Depuis qu’elle roulait, l’image de sa mère ne la quittait plus. Elle la revoyait, les
doigts soudés à sa canne, sous le fracas des F16 et les Alpha Jet qui décollaient
de Beauvechain et qui leur mettaient à toutes deux un goût de fer dans la
bouche. La quitter devenait impossible. Rester ne l’était pas moins.
Avant d’arriver au tunnel des Quatre Bras, elle remonta dans des gerbes d’eau
tout un train de camions polonais dont l’un portait, en police d’écriture
Arial, l’inscription " Saint-Nectaire, le bon fromage fermier ". De telles
rencontres lui faisaient mesurer les distances entre hier et aujourd’hui.

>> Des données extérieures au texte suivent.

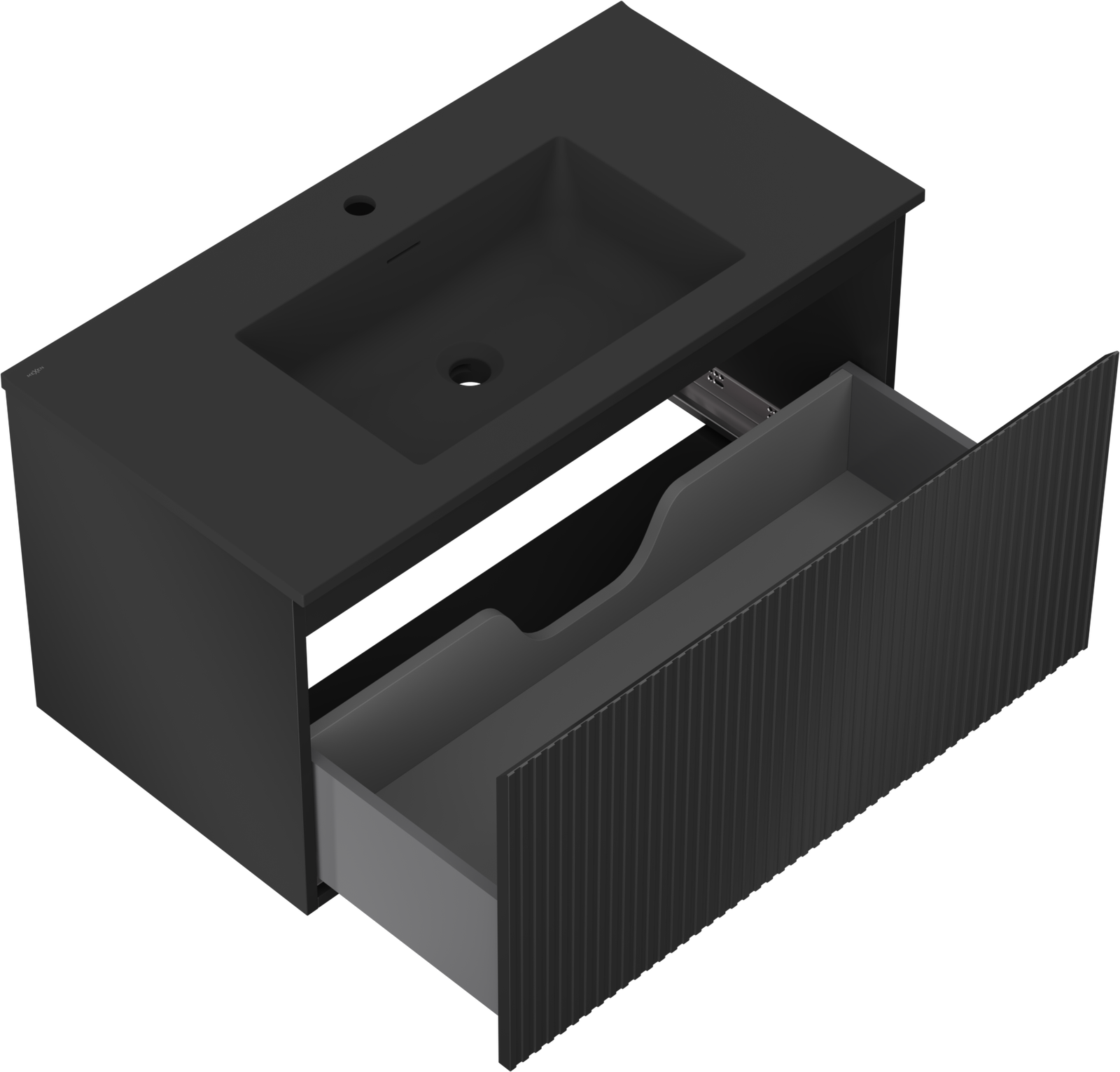 Mexen Rivel vonios spintelė 90 cm su praustuvu Otis, 1 stalčius, grioveliais, juoda matinė - 91A20-09047-1-BF71-W18M71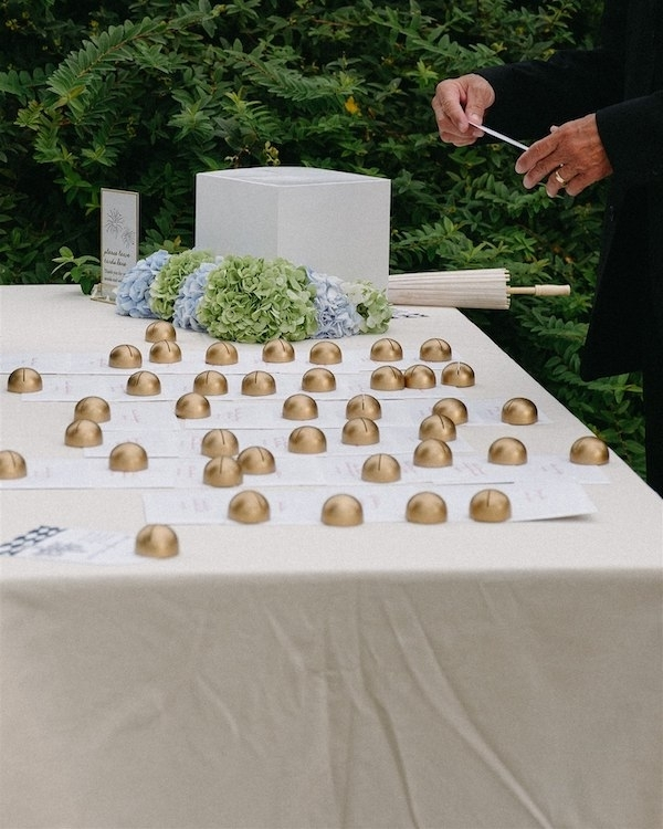 During cocktail hour guests could find the escort table which had individual envelopes addressed to them, holding postcards collected from over the years inside. Each postcard was specifically chosen for the guest and had a handwritten note from us. Using the postcards to find their table, guests were directed to dinner in the courtyard.

En quittant la densité compacte du trafic qui suivait le panneau " Centrum ", elle
regretta de ne pas filer, elle aussi, vers la Grand-Place. Depuis toujours, ce
décor de pignons espagnols l’enchantait.
Elle emprunta sur la gauche le boulevard du Souverain. Les buildings friqués
reflétaient ce jour-là tout le gris du ciel. Les jardins, les parcs et les contreallées étaient vides. Des familles de canards traversaient les étangs sous les
impacts de la pluie. Le V qui d’habitude marque leur sillage n’existait plus.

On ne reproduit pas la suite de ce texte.